Look and Feel... a red herring (Re: UNIX Expo in NYC)

Dominic Dunlop domo at riddle.UUCP
Thu Nov 24 01:38:19 AEST 1988


[Just when you thought this thread was coming to an end...]

A while back, in article <2113 at ficc.uu.net> peter at ficc.uu.net (Peter da
Silva) wrote:
>I think the industry needs to establish a subset toolkit that does all
>the basic things (opening a window, getting events, rendering text and
>graphics, defining menus (in broad terms), poke points (gadgets, radio
>buttons, what have you), scroll bars, and so on) reasonably well. The
>equivalent of curses for window systems, if you like.
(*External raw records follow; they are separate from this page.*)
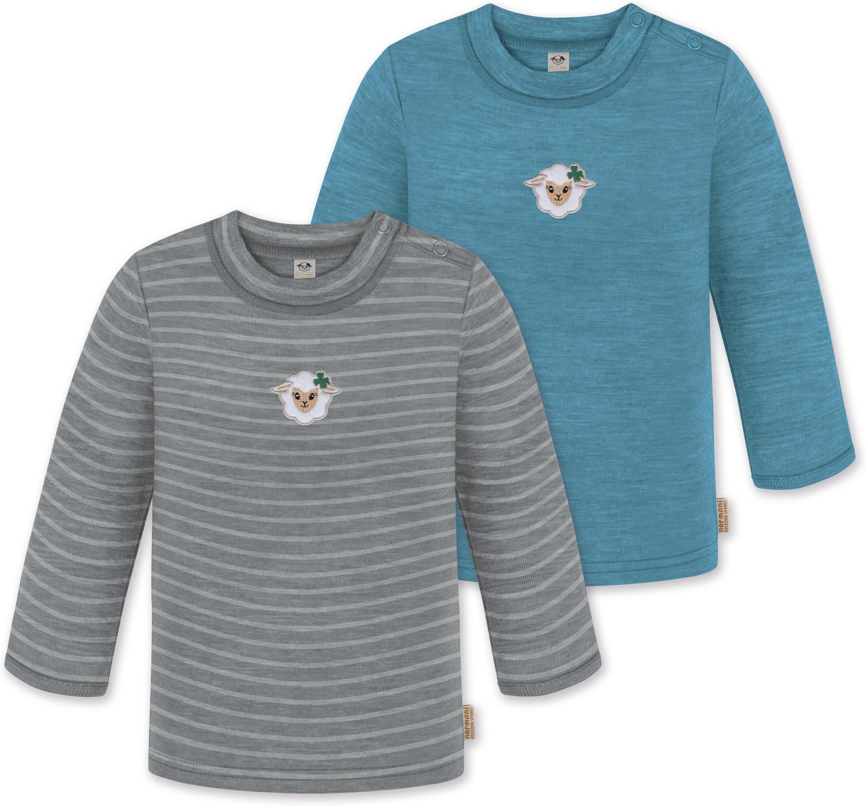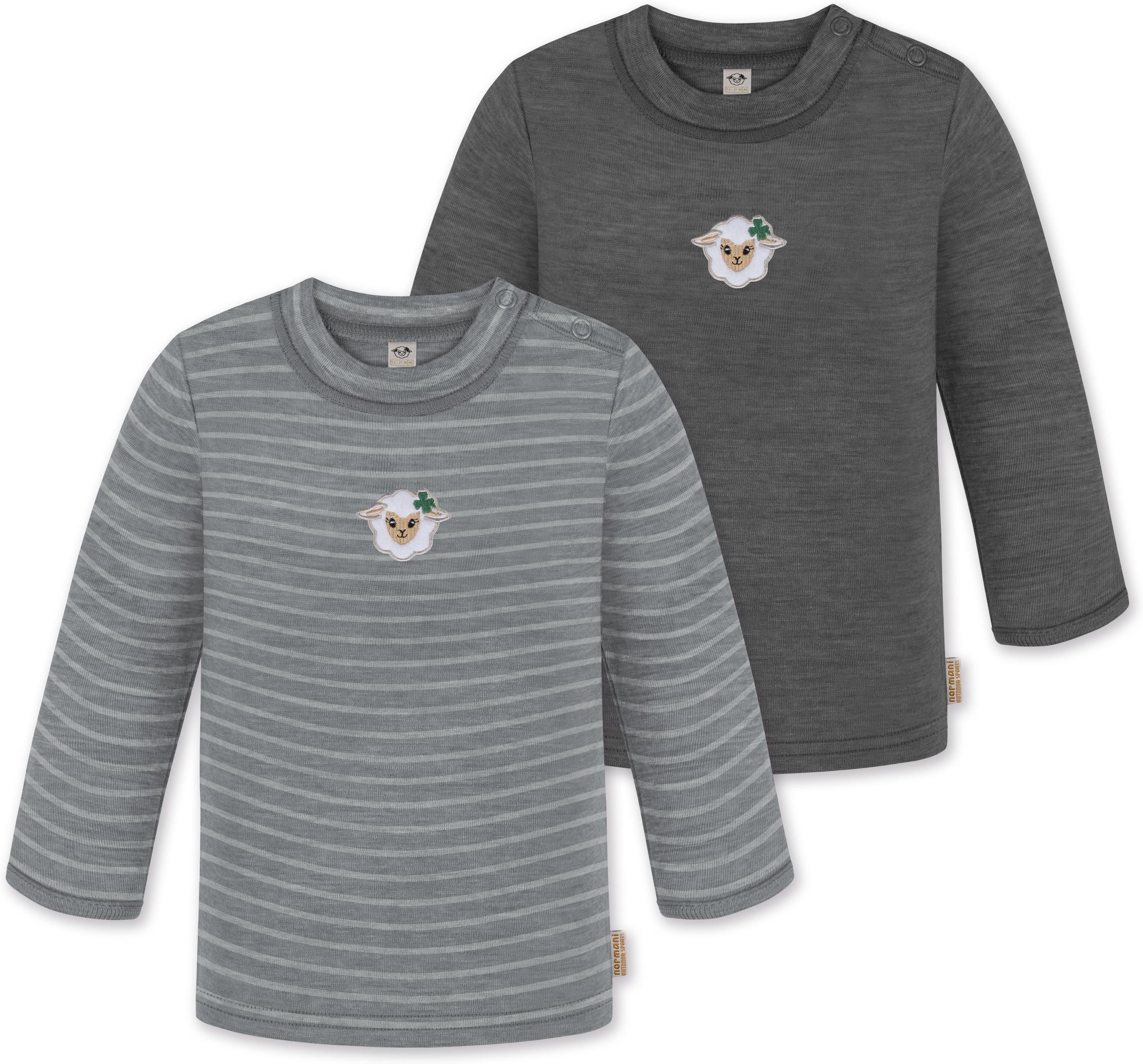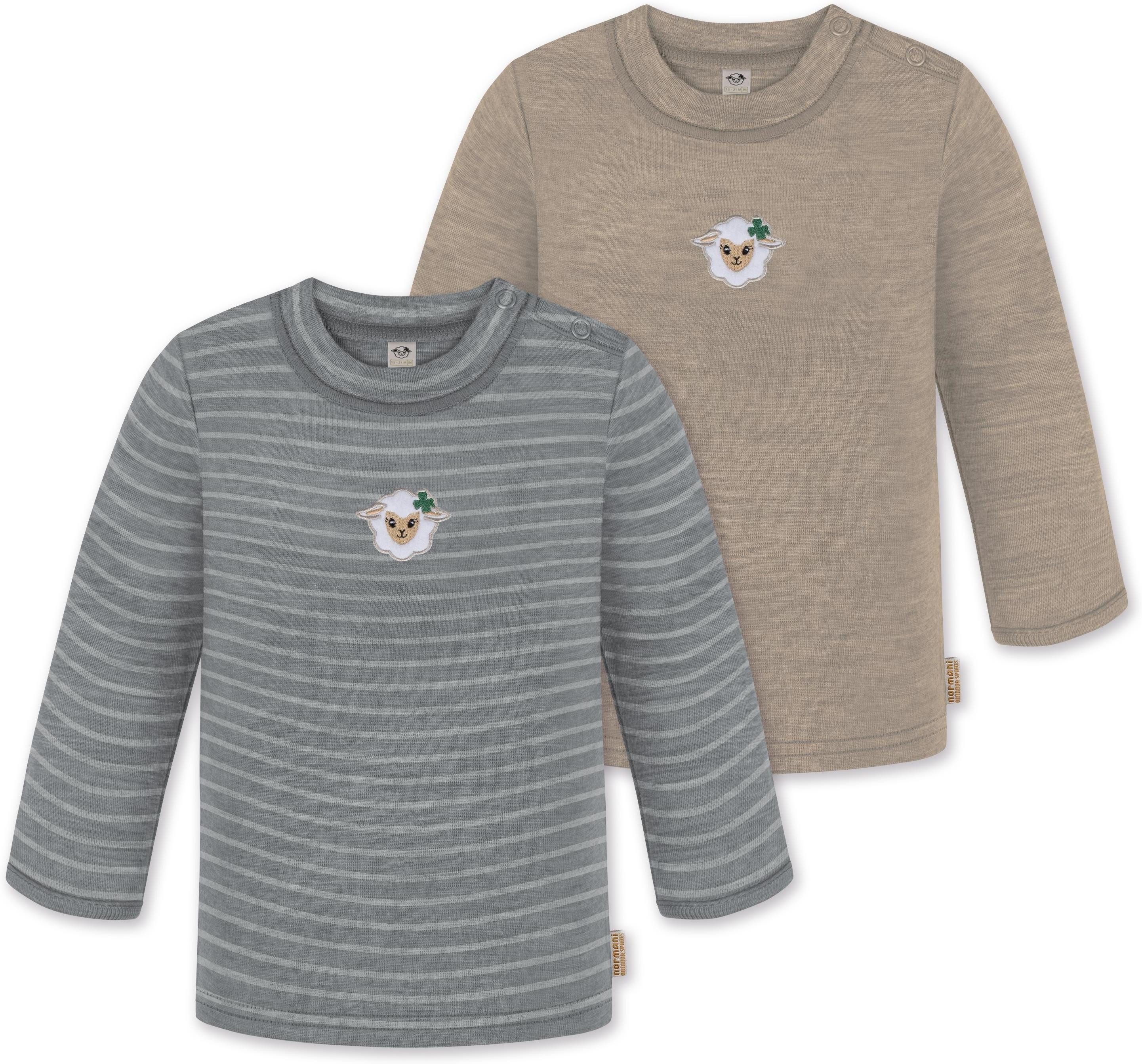 Unser Merino Langarm Oberteil „Taupo", im 2er Pack, ist mehr als nur ein einfaches Oberteil für Babys und Kleinkinder. Hinter seiner schlichten Erscheinung verbirgt sich ein Kleidungsstück, das sich perfekt für alle Wetterbedingungen eignet. Mit einer Grammatur von 200 g/m² bietet dieses Oberteil eine optimale Wärmeisolierung, die es im Winter zur idealen wärmenden Schicht unter weiterer Kleidung macht. Dank seiner natürlichen Thermoregulierung kann das Oberteil auch im Sommer einzeln getragen werden, was es zum idealen Begleiter für das ganze Jahr macht. Ob beim Klettern auf dem Spielplatz, beim Kinderturnen, zu Hause, im Kindergarten oder in der Kita, dieses Oberteil ist vielseitig einsetzbar und sorgt stets für angenehme Temperaturen und höchsten Tragekomfort. Die Wärmeregulierung und Atmungsaktivität der Merinowolle ermöglichen es Ihrem Kind, das Oberteil den ganzen Tag über zu tragen – sei es beim Spielen, Toben oder Mittagsschläfchen. Die weiche Merinowolle ist besonders sanft zur empfindlichen Haut Ihres Kindes und verursacht keine Hautirritationen. Zudem ist die Merinofaser geruchsneutralisierend, sodass das Oberteil auch nach mehrmaligem Tragen frisch bleibt. Die Elastizität der Merinowolle sorgt für maximale Bewegungsfreiheit beim Spielen. Darüber hinaus ist das Oberteil mit hochwertigen Marken-Druckknöpfen von YKK an den Schultern ausgestattet. Diese gewährleisten ein zuverlässiges Öffnen und Спрятать und erleichtern das Umziehen. Abgerundet wurde das Oberteil mit einem kindgerechtem, flauschigem Schaf Stick, der als Eyecatcher dient.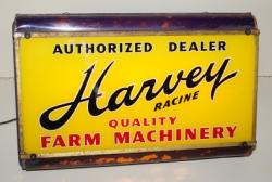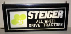 16"x35"x6", original plastic face & steel can, very clean and nice; great smaller size; came from the Vern Eymann Estate of North Dakota, never sold or seen this particular Steiger sign!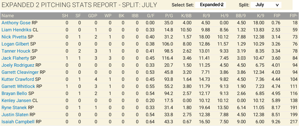 A fine month of pitching from Jack Flaherty (4-0; 2.33 ERA) and a dominate series of relief appearances from Liam Hendriks (10 for 10 in save opportunities) are the bright sports for the Red Sox pitching staff.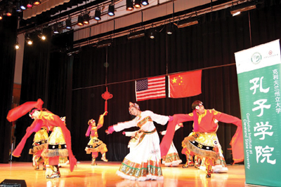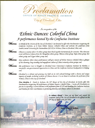 2013年4月27日,克利夫蘭州立大學孔子學院如期向公衆呈現了一場別開生面的中國少數民族舞蹈節目——“多彩中國”曁四川地震慈善演出。克利夫蘭市市長Frank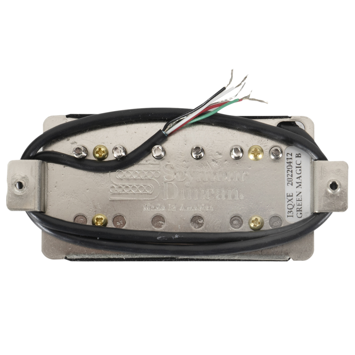 Pastilla humbucker pasiva para guitarra eléctrica de 6 cuerdas, modelo Green Magic, posición: puente, cableado: 4 cables blindado, imán: alnico 2, resistencia: 8.7 kilo-ohms, imán instalado al revés, claridad y gran expresividad, obtén los tonos auténticos de la era dorada del blues rock con un toque sobrenatural.

Good analogy, but.  The problem with curses is that it has always lagged
programmer and user requirements in terms of the terminal facilities to
which it is able to provide access.  Consequently, programmers have come up
with non-standard extensions in order to access these facilities.  These
extensions are a pain to maintain, both for the author, and for users --
particularly those users who have more than one set of extensions to
contend with.  Examples are

	line drawing			Introduced last year in 5.3.0
	more then ten function keys	Introduced last year in 5.3.0
	auxiliary port handling		Introduced last year in 5.3.0
	colour				Came in this year with 5.3.1
        generalised non-ASCII chars	Will arrive next year in 5.4.0

(Revision levels refer to AT&T UNIX releases.  I could be wrong about
exactly what popped up in 5.3.0, but I'm not too far out.)  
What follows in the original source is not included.